··· Raw data ···

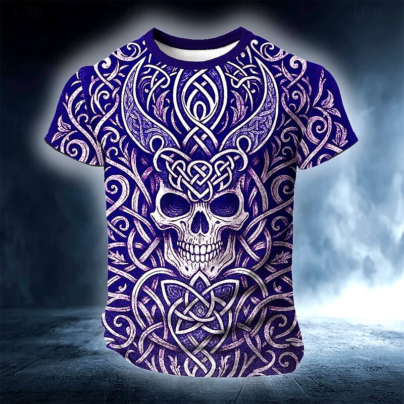 More information about Men's Skull 3D Celtics T Shirt Short Sleeve T shirt 3D Print Crew Neck Round Neck Shirt Viking Designer Party Street Casual Blue Purple Green Summer Spring Clothing Apparel S M L XL XXL XXXL
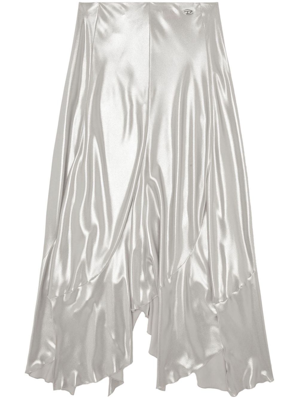O-Namit maxi skirt Highlights - Silver - Stretch-design - Metallic finish - Logo plaque - Low-rise - Rear zip fastening - Panelled design - Handkerchief hem Made in Italy Composition Polyester 100%
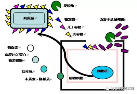殼寡糖能有效的防治作物病害,主要通過兩個途徑起作用,一是殼寡糖可以抑制植物病原菌生長,減弱病原物的侵染能力。二是殼寡糖與植物細胞上的受體結合,激發抗性信號分子產生如NO、H2O2、Ca2+、茉莉酸等,經過信號轉導,激發抗性基因表達,產生抗性物質如β-1.3葡聚糖酶、幾丁質酶、植物抗毒素、苯丙氨酸解氨酶、過氧化物酶、多酚氧化酶、過氧化氫酶、超氧化物歧化酶等,從而達到防治病害的目的。殼寡糖促進植物生長主要是由于誘導了生長素IAA的合成,生長素信號傳入植物體內起生長調節作用,激活植物多種生長發育基因表達,合成利于植物生長的生物活性物質,最終促進了植物的生長發育。

···

# [Work to complete]
The data above should be returned in full, exactly as written, apart from its images.

# [Solution]
 More information about Men's Skull 3D Celtics T Shirt Short Sleeve T shirt 3D Print Crew Neck Round Neck Shirt Viking Designer Party Street Casual Blue Purple Green Summer Spring Clothing Apparel S M L XL XXL XXXL
O-Namit maxi skirt Highlights - Silver - Stretch-design - Metallic finish - Logo plaque - Low-rise - Rear zip fastening - Panelled design - Handkerchief hem Made in Italy Composition Polyester 100%
殼寡糖能有效的防治作物病害,主要通過兩個途徑起作用,一是殼寡糖可以抑制植物病原菌生長,減弱病原物的侵染能力。二是殼寡糖與植物細胞上的受體結合,激發抗性信號分子產生如NO、H2O2、Ca2+、茉莉酸等,經過信號轉導,激發抗性基因表達,產生抗性物質如β-1.3葡聚糖酶、幾丁質酶、植物抗毒素、苯丙氨酸解氨酶、過氧化物酶、多酚氧化酶、過氧化氫酶、超氧化物歧化酶等,從而達到防治病害的目的。殼寡糖促進植物生長主要是由于誘導了生長素IAA的合成,生長素信號傳入植物體內起生長調節作用,激活植物多種生長發育基因表達,合成利于植物生長的生物活性物質,最終促進了植物的生長發育。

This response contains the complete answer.